Series of flying boats

The Naval Aircraft Factory PN was a series of open cockpit American flying boats of the 1920s and 1930s. A development of the Felixstowe F5L flying boat of the World War I, variants of the PN were built for the United States Navy by Douglas, Keystone and Martin.

==Development and design==
The PN flying boats were twin-engine biplanes with their engines mounted in nacelles between the fabric-covered wings. Other than on the PN-11 which had a different hull form, the hull had large chines running back to the first step similar to those on the F.5L. It had a standard crew of five, but was capable of carrying a relief crew for long patrols. Early machines had wood hulls and wings, with the wings covered in fabric, while various versions replaced these with metal components. A wide variety of V-12 and radial engines were fitted, due to problems with several of the engines chosen, with later versions generally using radial engines.

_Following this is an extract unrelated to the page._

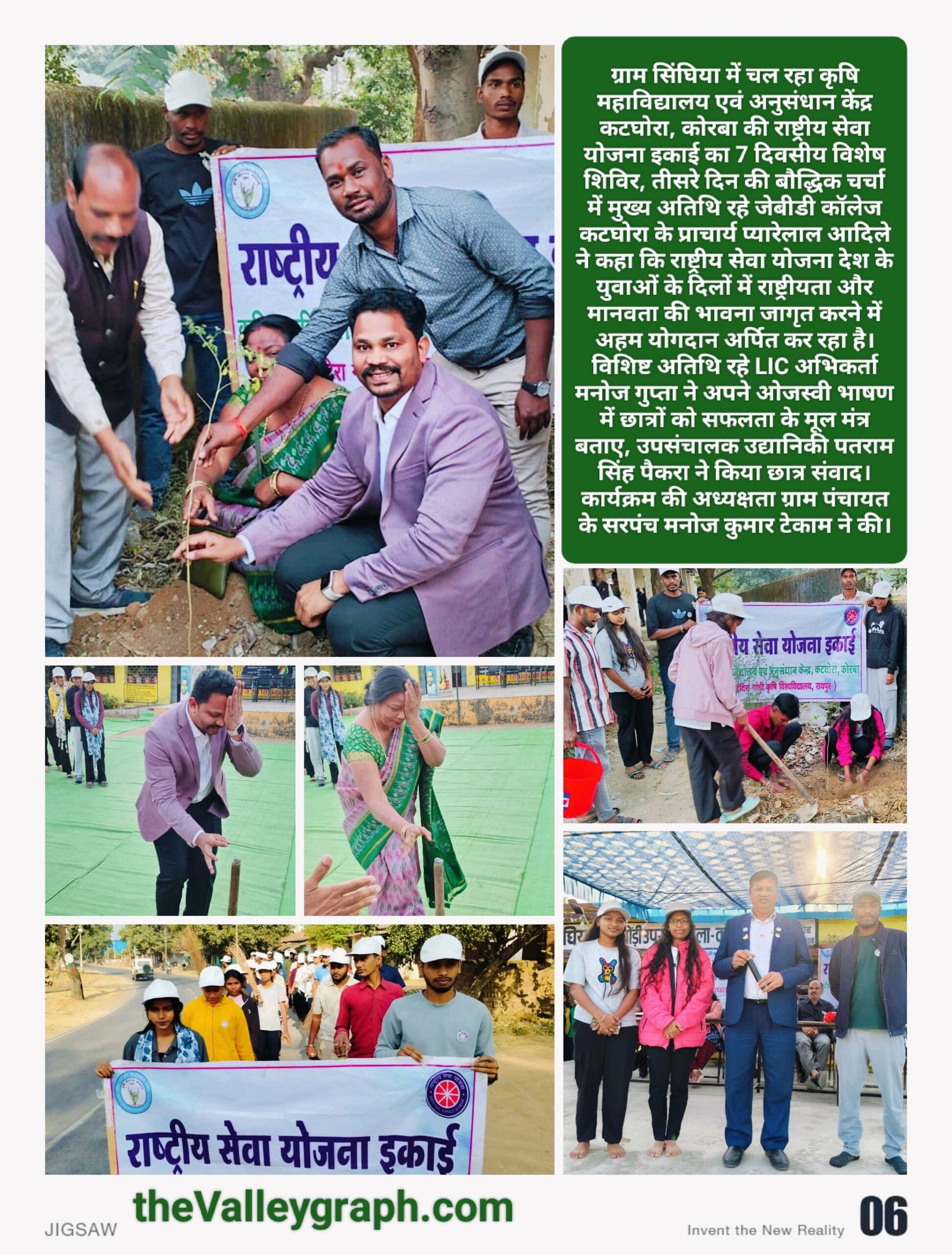कोरबा/कटघोरा। कृषि महाविद्यालय एवं अनुसंधान केंद्र कटघोरा कोरबा में संचालित राष्ट्रीय सेवा योजना इकाई के द्वारा सात दिवसीय विशेष शिविर का आयोजन ग्राम सिंधिया के सजेस स्कूल में 1 दिसंबर से किया जा रहा है। यह शिविर आगामी 7 दिसंबर तक चलेगा। इसमें विद्यार्थियों के द्वारा प्रातः दैनिक कार्य उपरांत 8:00 बजे से 11:00 बजे तक परियोजना कार्य करते हुए ग्राम रैली निकाल कर ग्राम पंचायत तथा शमशान का सफाई अभियान चलाया गया। मध्य बस्ती स्थित चौराहा में ग्राम वासियों को पानी व्यर्थ बहने से रोकने हेतु जागरूक किया गया। उनकी जानकारी को समझते हुए ग्रामीणों ने भी माना कि भविष्य में पानी व्यर्थ नहीं पाएंगे। तत्पश्चात दोपहर में तीसरे दिन की बौद्धिक चर्चा में मुख्य अतिथि रहे जेबीडी महाविद्यालय कटघोरा के प्राचार्य प्यारेलाल आदिले ने कहा कि राष्ट्रीय सेवा योजना देश के युवाओं के दिलों में राष्ट्रीयता और मानवता की भावना जागृत करने में अहम योगदान अर्पित कर रहा है।राष्ट्रीय सेवा योजना ने स्वामी विवेकानंद को आदर्श पुरुष के रूप में स्वीकार किया। छात्र-छात्राओं का मार्गदर्शन करते हुए उन्होंने अपने सार्थक और सारगर्भित चर्चा की, जिससे स्वयंसेवकों में देश की रक्षा और सामाजिक सौहार्द्र बनाने की प्रेरणा जागृत हो। इस अवसर पर विशिष्ट अतिथि रहे भारतीय जीवन बीमा निगम के वरिष्ठ अभिकर्ता मनोज कुमार गुप्ता ने अपने ओजस्वी भाषण में छात्रों को सफलता के मूल मंत्र बताए। उन्होंने कठिन परिश्रम, लक्ष्य निर्धारण और समाज का हित गुण को शामिल कर लक्ष्य की प्राप्ति के मार्ग बताए। जिला मुख्यालय से आए उपसंचालक उद्यानिकी पतराम सिंह पैकरा ने छात्र संवाद करते हुए बताया कि उद्यानिकी में किस तरीके से रोजगार के अवसर बढ़ रहे हैं। साथ ही साथ उद्यानिकी फसलों से कैसे लाभ कमाया जा सकता है और भविष्य को सुदृढ़ किया जा सकता है, इस विषय में उनके द्वारा सारगर्भित जानकारी प्रदान की गई । कृषि महाविद्यालय के सहायक प्राध्यापक डॉ प्रीयल पांडेय के द्वारा मृदा उर्वरता एवं मिट्टी नमूना एकत्रीकरण की विधि बताते हुए उसके लाभ समझाए। डॉ योगिता कश्यप सहायक प्राध्यापक कृषि महाविद्यालय ने शिक्षा के साथ पोषण कैसे किया जा सकता है, इस पर विषय में विस्तृत जानकारी दी गई। कार्यक्रम की अध्यक्षता ग्राम पंचायत के सरपंच मनोज कुमार टेकाम एवं उपाध्यक्षता देवनारायण डिक्सेना उप सरपंच ग्राम सिंधिया ने की। कार्यक्रम समाप्ति के पूर्व प्राचार्य प्यारेलाल आदिले द्वारा छात्र-छात्राओं के लिए मनोरंजक आयोजित किए। जिसमें मुख्य रूप से स्टोन और स्टिक का गेम काफी रोमांचकारी और मजेदार रहा। अंत में उद्यानिकी विभाग के द्वारा प्रदत 50 पौधों में से कुछ पौधों का रोपण स

At the end of World War I the United States Navy was operating the Curtiss H.16 and the Felixstowe F5L Long-range patrol flying boats, which had been developed in collaboration with the British. The F.5L was a license-built version of the British Felixstowe F.5 using the American Liberty engine. The series of Felixstowe flying boats, developed by the Seaplane Experimental Station, had started with improving the hull of the Curtiss America.

PN-5 was the new designation assigned to F.5Ls built by the Naval Aircraft Factory after 1922, although identical aircraft built before then retained the F.5L designation. Under the new designation system, P indicated that the role was Patrol, and N denoted aircraft built by the US Navy's Naval Aircraft Factory. Numbers 1-4 were skipped.

The PN-6 had an enlarged curved fin with an unbalanced rudder. The first two examples had been ordered as the final two F.5Ls, and had been designated as F.6Ls, with the new PN-6 designation coming into effect in 1922. Some F.5L/PN-5s were later upgraded to PN-6 standard. Neither the PN-5 or the PN-6 designation was used outside of official paperwork, and these aircraft were simply referred to as F.5Ls.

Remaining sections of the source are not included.